Younger adults, black and black British adults, renters, lower earners and those living in the most deprived areas are also more likely to be hesitant, the Office for National Statistics (ONS) said.

It said 94% of those surveyed were positive about the vaccine, up from 78% in December when the data was first collected.

But it found that 9% of 18,112 adults in Great Britain reported vaccine hesitancy between January 13 and February 7.

Vaccine hesitancy in Great Britain
(PA Graphics)

More than four in 10 (44%) black or black British adults reported vaccine hesitancy.

This was the highest level in all ethnic groups, with the odds of hesitancy six times as high in black or black British adults compared with white adults after adjusting for other factors.

The age group with the highest level of hesitancy was 16 to 29-year-olds, with 17% reporting hesitancy, compared with 1% of those over 80.

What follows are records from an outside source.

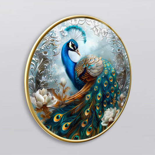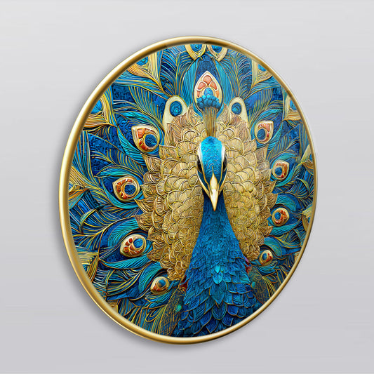 Mavi Tavus Kuşu Yuvarlak Cam Tablo
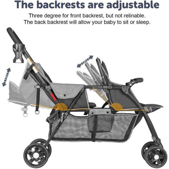 besrey Poussette double légère avec sièges réglables, roues amortisseurs et housse de pluie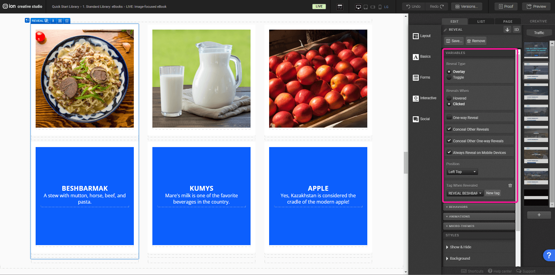 With the Reveal selected, you’ll be able to edit its variables, under the Edit tab, Variables section.
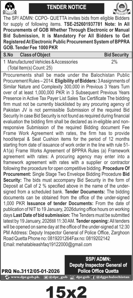 The submission deadline is set for 19 January 2026 at 11:30 AM, with tender opening at 12:30 PM on the same day at the Deputy Inspector General of Police Office, Zarghoon Road, Quetta. Interested bidders can obtain tender documents during office hours until 19 January 2026 upon payment of PKR 1000.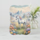 A note card with one side blank for your message. A note card showing a dreamy image of a white unicorn with a rainbow mane standing in a field of flowers. In the background are majestic mountains. The perfect gift to give those who love magical and mystical unicorns. Contains generative content.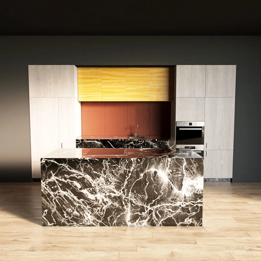 Only the kitchen and the island are present in the scene. The floor, walls, ceiling are yours.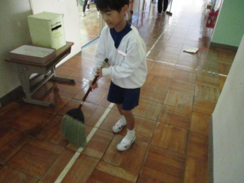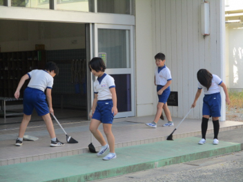 今日は感染症対策のため、学級清掃をしました。1年生も1学期に比べると掃除の仕方が上手になってきました。ほうきで集めらごみが、風で舞いそうになるとみんなで協力して壁を作っていました。何だか楽しそうです。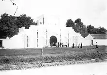 The mosque complex is surrounded by iron fence, although in the past this was massive wall instead, completely separating the enclosed inner space of the mosque complex with the outside world.[2] To the southeast and northeast of the perimeter are two small pavilions with rounded cupola, flanking the eastern perimeter of the mosque complex. These small pavilions were used as prisons.[4]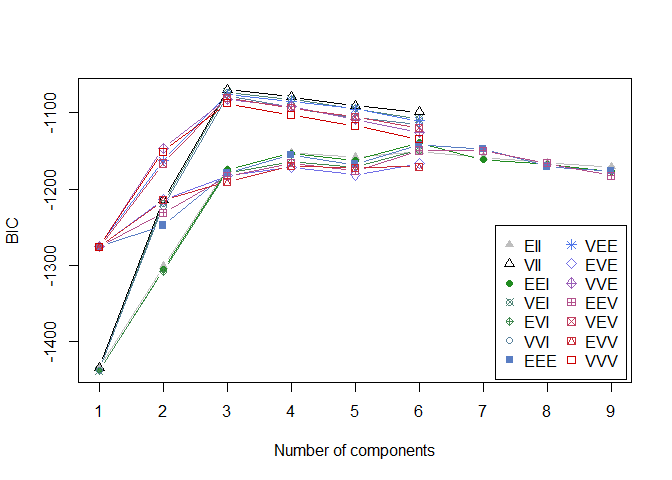Let’s head straight to using Mclust and plot the BIC indicator :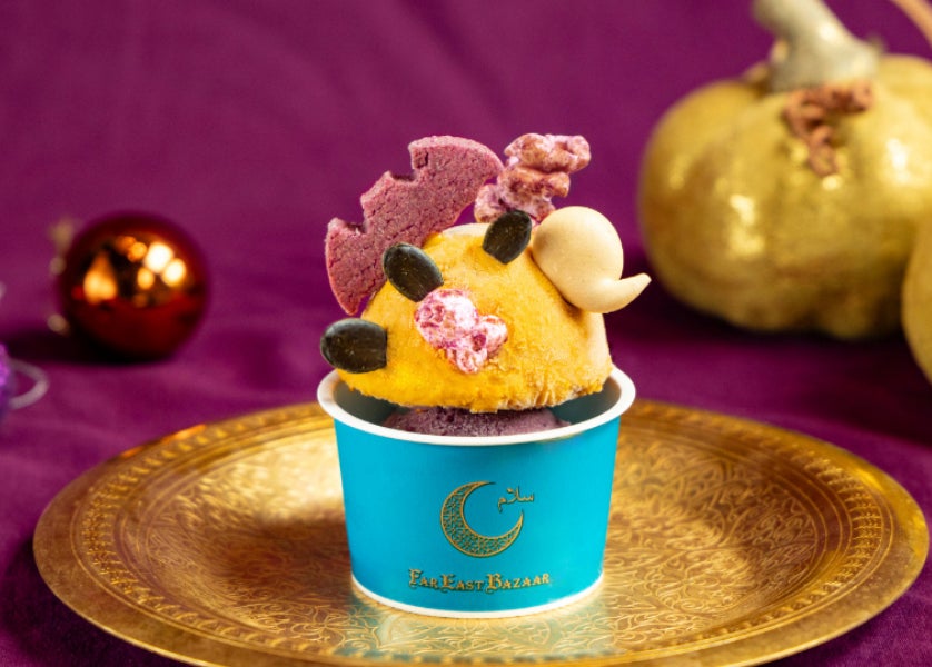 北海道産くりりんかぼちゃのジェラートに、紫芋のコウモリやメレンゲのおばけが集まって、愉快な収穫祭のはじまり!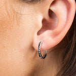 These large huggie hoop earrings with black stones have a wider circumference than our classic mini huggie hoops.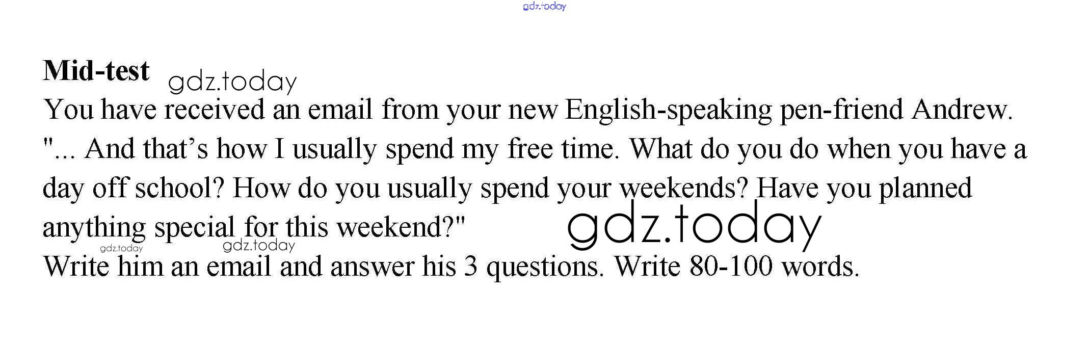 На страницах сайта gdz.today вы найдете учебный и вспомогательный материал, направленный на улучшения знаний школьной программы. ГДЗ - онлайн мир знаний Решение к Optional writing Mid-test Контрольным заданиям по Английскому языку для 9 класса Ваулина, Дули Просвещение Spotlight 2018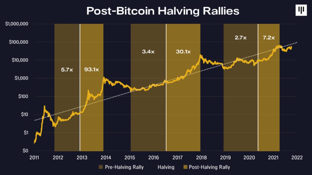 最後一次減半則是在 2020 年 5 月 11 日,這進一步減少了新 BTC 相對於流通供應量的數量,此後比特幣上漲了 7.2 倍以上,可觀察到減半對比特幣價格的影響越來越小。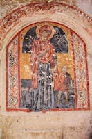 L’iconografia è molto varia e presuppone epoche diversi. Il ricco corredo di dipinti di notevole qualità si sviluppa su tutte le pareti, ma soprattutto segnaliamo la Madonna Orante con Bambino con iscrizione greca e la Madonna con Bambino nel vano centrale e la Presentazione al Tempio, comunemente detta “la Candelora”, da cui ha preso il nome la cappella. In questo dipinto, la Vergine e il Bambino sono indicati da iscrizioni in greco, il San Simeone, invece, da iscrizione latina. All’interno e fuori l’archeggiatura si osserva una ricca fascia decorativa, simile a quelle delle immagini dei SS. Medici della prospiciente cripta di San Marco. In alto, sul lato sinistro dell’estradosso dell’arco, si osserva, graffito, l’anno 1576.
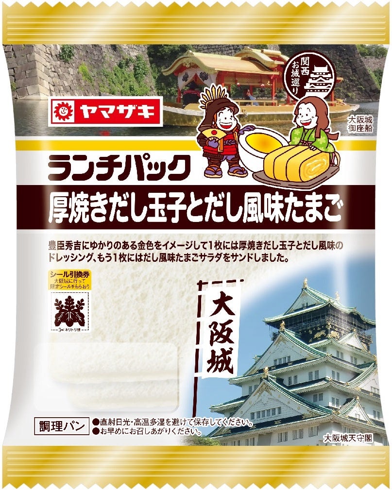 豊臣秀吉にゆかりのある金色をイメージして1枚には厚焼きだし玉子とだし風味のドレッシング、もう1枚にはだし風味たまごサラダをサンドしました。

The ONS said higher rates of hesitancy in the younger age groups could be driven by the prioritisation of older age groups in the vaccine rollout.

Parents of dependent children aged 0-4 were 37% more likely to be hesitant after controlling for other factors.

The same proportion (16%) of adults living in England’s most deprived areas were hesitant, compared with 7% in the least deprived parts of the country.

The survey also found that 4% expressed negative sentiment towards the vaccine, defined as adults who have refused the vaccine and those who say they would be very or fairly unlikely to take it when offered.

The most common reasons included being worried about side-effects, the long-term effect on health, wanting to wait to see how well the vaccine works, or not thinking it is safe.

Of those who reported negative sentiment, 11% of women said they were pregnant or trying to conceive and were worried about any effects on the baby.

Vaccine hesitancy in Great Britain, by age
(PA Graphics)

Of those aged 16-29 who reported negative sentiment, almost a quarter (23%) said this was because they “do not feel coronavirus is a personal risk”.

Tim Vizard, from the ONS’s Public Policy Analysis division, said: “Over the past three months, we’ve seen people become increasingly positive about the Covid-19 vaccines, with over nine in 10 adults saying they would have it if offered, or having already had it.

“Of those who are hesitant about receiving the vaccine, it’s younger and black adults who are most likely to say this, with concerns around side-effects, long-term effects and how well the vaccine works being the most common reasons.”

The Prime Minister’s official spokesman said: “As we have done throughout the vaccination programme, we will continue to encourage those who haven’t come forward to take a vaccine to do so.

“You are aware of the work we have done with community leaders and community groups to encourage groups to come forward to receive the vaccine and we will continue to encourage them to do so.”

The spokesman said work with “faith leaders and community leaders” was aimed at ensuring “people who are hesitant to come forward and take the vaccine can understand that it is both safe and effective and they should come forward and take it with confidence”.